Problem to solve: Starting from the line with "Grigio Personalizzato Felpa" and going up to and including the line with "事实上,随着各行业数字化进程", copy the listing below exactly. Leave all images out.

━━━━━━━━

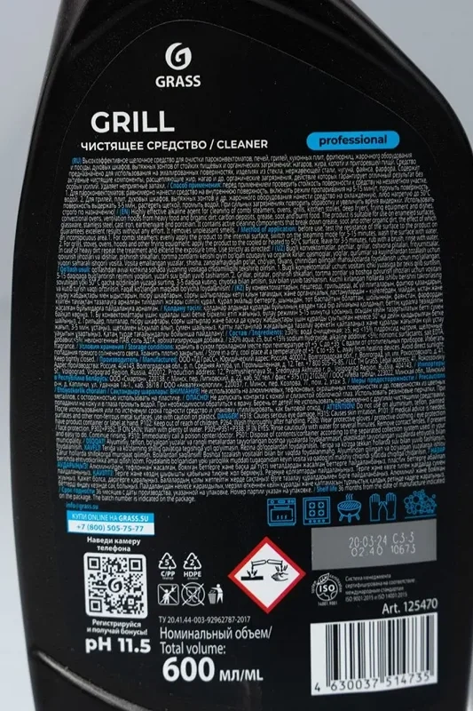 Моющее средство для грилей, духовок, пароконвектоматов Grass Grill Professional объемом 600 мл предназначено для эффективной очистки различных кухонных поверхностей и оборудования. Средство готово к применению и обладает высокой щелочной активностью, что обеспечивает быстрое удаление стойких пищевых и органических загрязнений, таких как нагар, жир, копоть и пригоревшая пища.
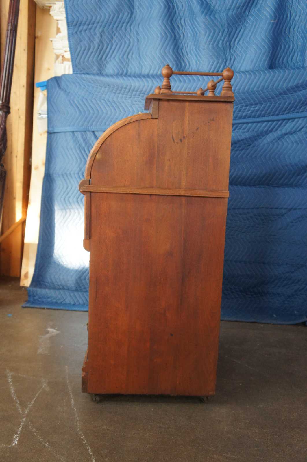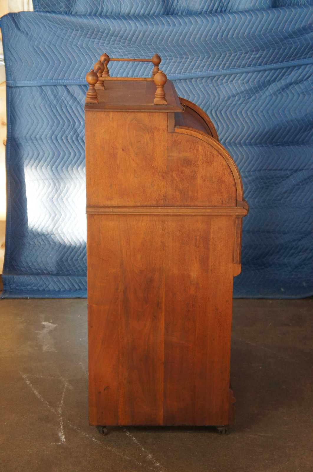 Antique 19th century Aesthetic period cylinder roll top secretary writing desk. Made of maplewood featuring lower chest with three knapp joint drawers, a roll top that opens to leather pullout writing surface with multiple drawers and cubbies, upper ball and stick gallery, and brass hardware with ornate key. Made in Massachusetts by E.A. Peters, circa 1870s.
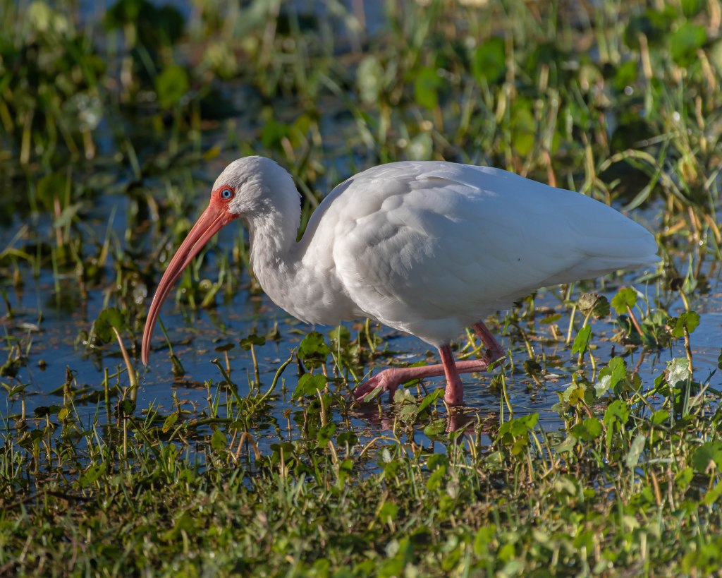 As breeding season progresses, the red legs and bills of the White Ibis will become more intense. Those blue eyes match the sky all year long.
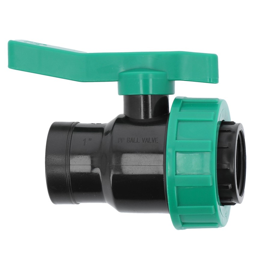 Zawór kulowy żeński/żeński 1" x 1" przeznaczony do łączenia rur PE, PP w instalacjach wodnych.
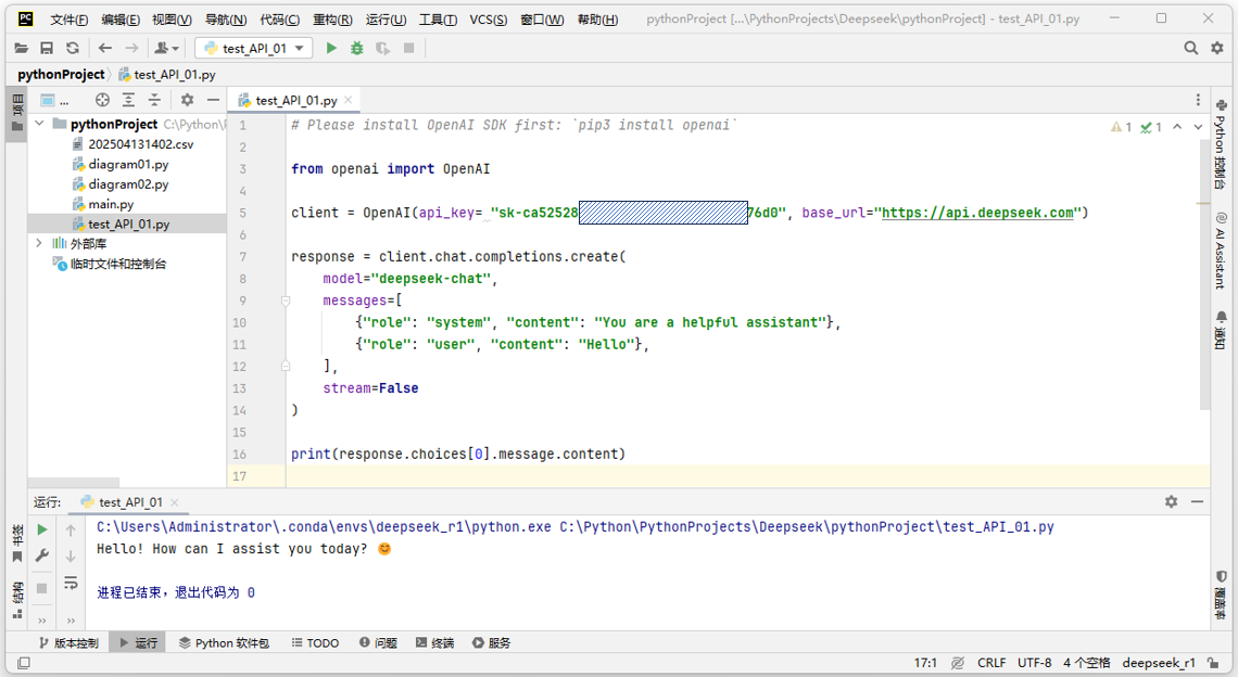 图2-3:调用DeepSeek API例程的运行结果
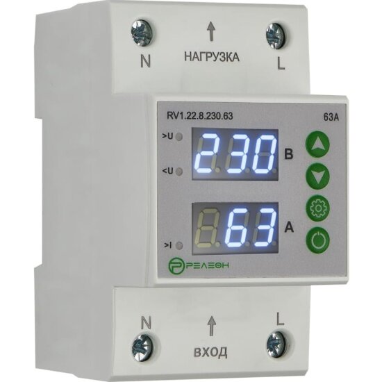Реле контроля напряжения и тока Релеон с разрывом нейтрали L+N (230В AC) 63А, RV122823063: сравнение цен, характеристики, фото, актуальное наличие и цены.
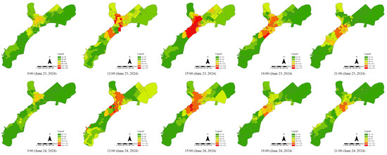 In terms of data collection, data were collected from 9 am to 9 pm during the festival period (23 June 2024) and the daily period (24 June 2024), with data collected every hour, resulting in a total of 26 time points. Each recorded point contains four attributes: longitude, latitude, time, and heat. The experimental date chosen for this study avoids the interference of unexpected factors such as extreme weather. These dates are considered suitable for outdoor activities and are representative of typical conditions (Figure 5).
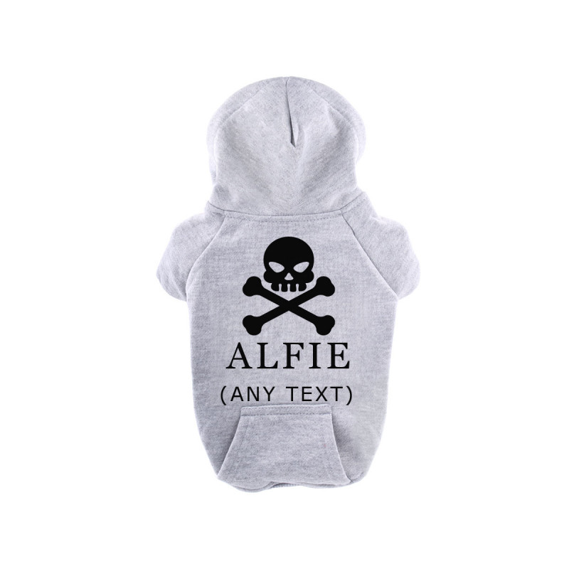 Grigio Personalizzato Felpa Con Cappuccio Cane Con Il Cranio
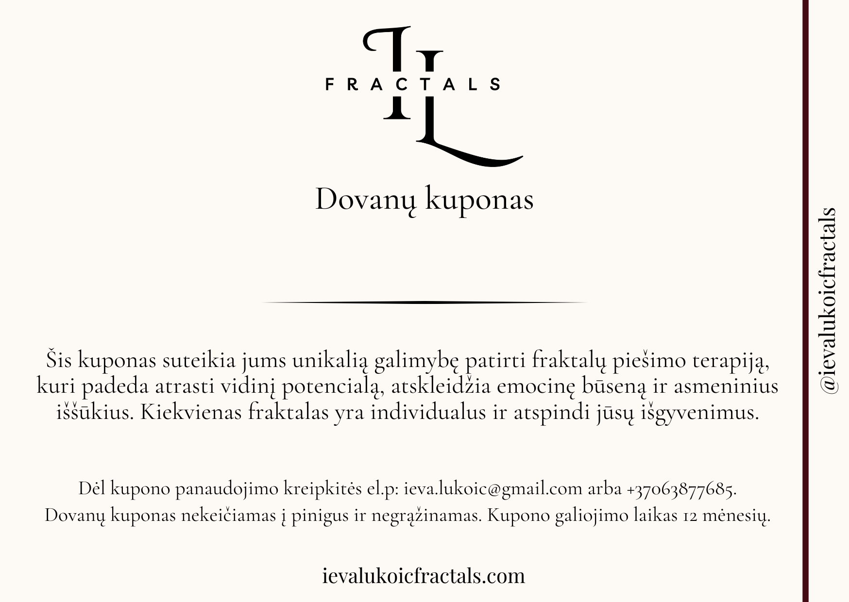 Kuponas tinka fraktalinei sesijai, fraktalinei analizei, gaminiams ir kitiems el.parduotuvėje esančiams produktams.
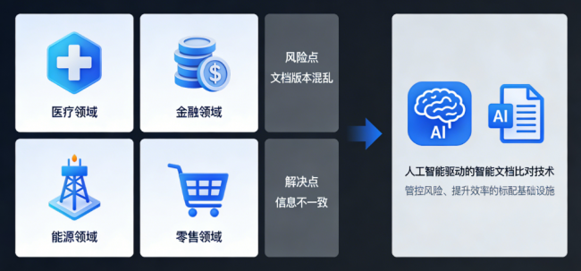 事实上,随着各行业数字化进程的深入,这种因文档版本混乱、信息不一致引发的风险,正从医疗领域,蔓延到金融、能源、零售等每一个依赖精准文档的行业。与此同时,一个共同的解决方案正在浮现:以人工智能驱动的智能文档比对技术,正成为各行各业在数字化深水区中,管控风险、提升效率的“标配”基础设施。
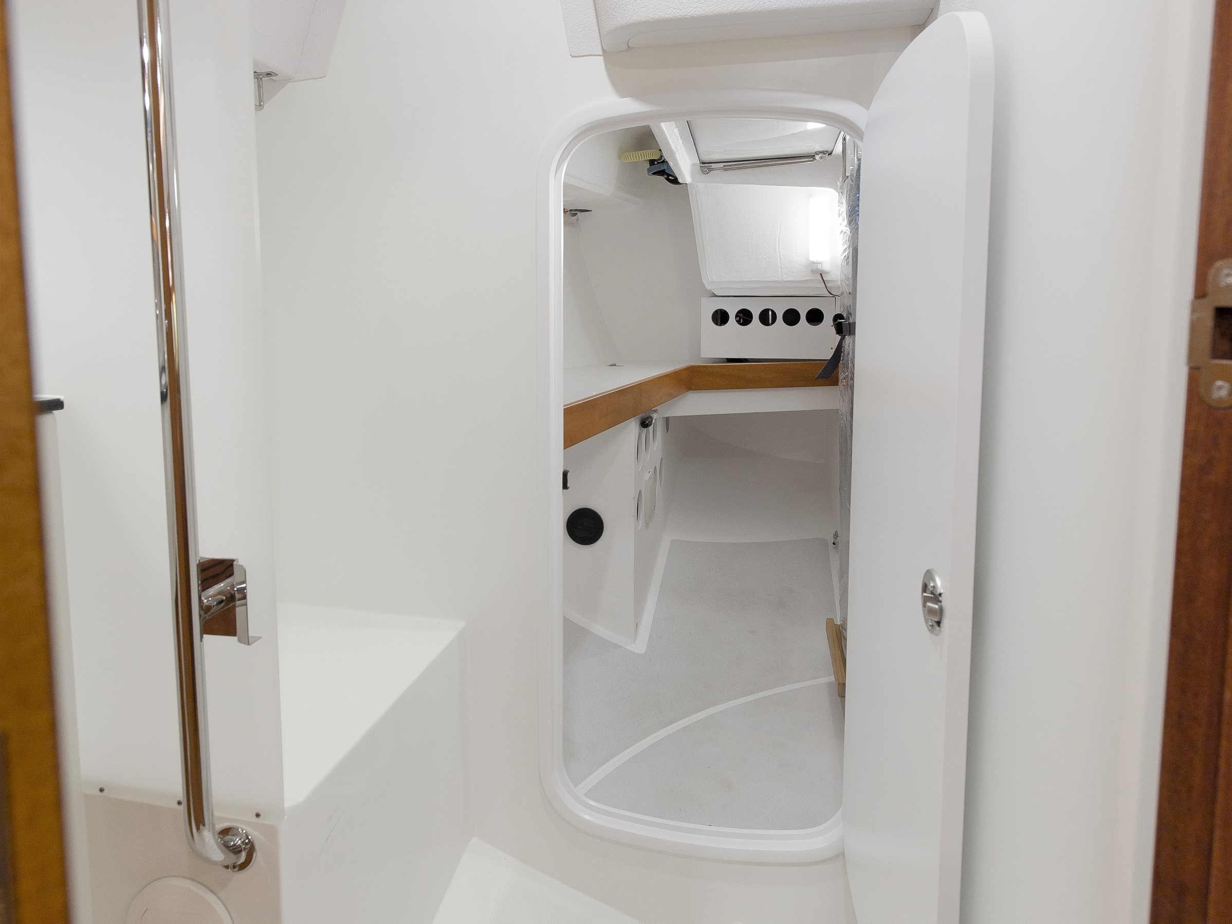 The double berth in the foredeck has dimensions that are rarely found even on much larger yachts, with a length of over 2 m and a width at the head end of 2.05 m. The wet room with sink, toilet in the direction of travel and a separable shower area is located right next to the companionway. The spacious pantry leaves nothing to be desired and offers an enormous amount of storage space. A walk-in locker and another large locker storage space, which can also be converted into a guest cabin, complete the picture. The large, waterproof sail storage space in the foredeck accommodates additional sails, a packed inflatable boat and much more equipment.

━━━━━━━━

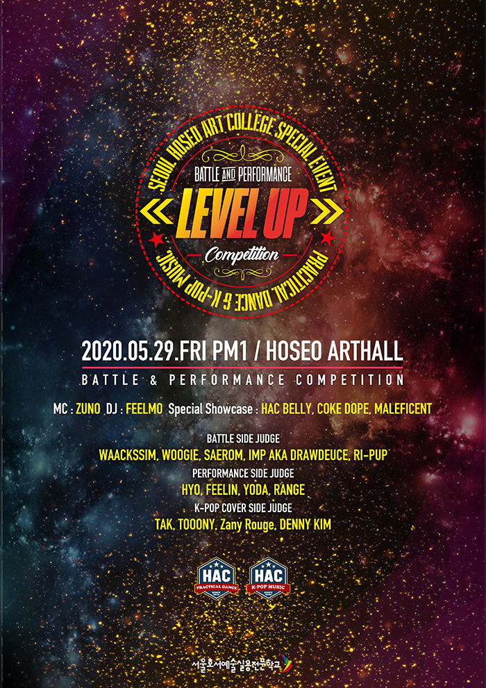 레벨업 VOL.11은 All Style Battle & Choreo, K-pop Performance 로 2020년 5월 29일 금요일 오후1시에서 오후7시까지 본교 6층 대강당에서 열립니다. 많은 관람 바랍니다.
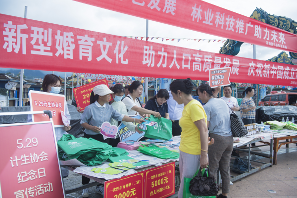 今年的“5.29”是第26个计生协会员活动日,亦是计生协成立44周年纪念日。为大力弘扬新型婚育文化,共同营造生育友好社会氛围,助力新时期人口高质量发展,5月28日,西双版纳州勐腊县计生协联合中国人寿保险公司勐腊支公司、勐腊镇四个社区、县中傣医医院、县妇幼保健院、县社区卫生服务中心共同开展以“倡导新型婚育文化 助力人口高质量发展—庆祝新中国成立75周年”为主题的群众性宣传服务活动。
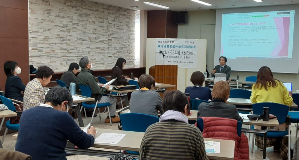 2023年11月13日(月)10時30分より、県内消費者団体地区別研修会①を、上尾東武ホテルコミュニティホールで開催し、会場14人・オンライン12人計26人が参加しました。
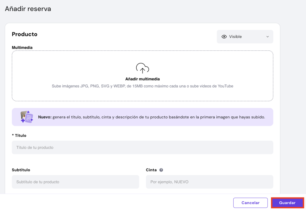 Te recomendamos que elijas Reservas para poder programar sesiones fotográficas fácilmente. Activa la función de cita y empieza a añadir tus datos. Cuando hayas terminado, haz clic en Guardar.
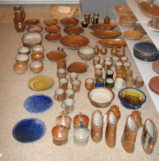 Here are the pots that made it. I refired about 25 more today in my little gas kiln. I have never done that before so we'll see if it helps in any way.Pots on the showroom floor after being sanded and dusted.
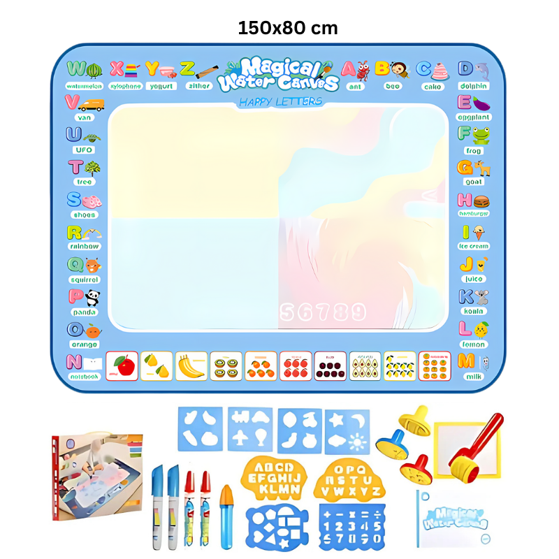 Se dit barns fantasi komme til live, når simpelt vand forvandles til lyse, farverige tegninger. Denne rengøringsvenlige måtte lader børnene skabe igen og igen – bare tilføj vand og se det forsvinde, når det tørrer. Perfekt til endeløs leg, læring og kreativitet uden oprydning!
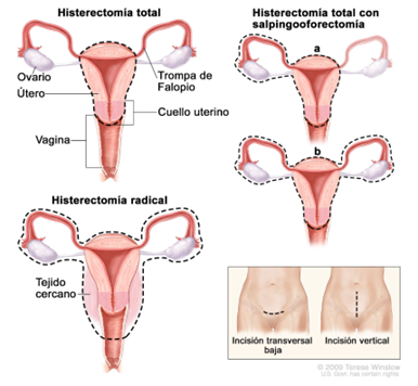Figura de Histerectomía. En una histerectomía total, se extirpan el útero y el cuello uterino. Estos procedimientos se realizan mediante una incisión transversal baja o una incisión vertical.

━━━━━━━━

Response below:
 Grigio Personalizzato Felpa Con Cappuccio Cane Con Il Cranio
 Kuponas tinka fraktalinei sesijai, fraktalinei analizei, gaminiams ir kitiems el.parduotuvėje esančiams produktams.
 事实上,随着各行业数字化进程的深入,这种因文档版本混乱、信息不一致引发的风险,正从医疗领域,蔓延到金融、能源、零售等每一个依赖精准文档的行业。与此同时,一个共同的解决方案正在浮现:以人工智能驱动的智能文档比对技术,正成为各行各业在数字化深水区中,管控风险、提升效率的“标配”基础设施。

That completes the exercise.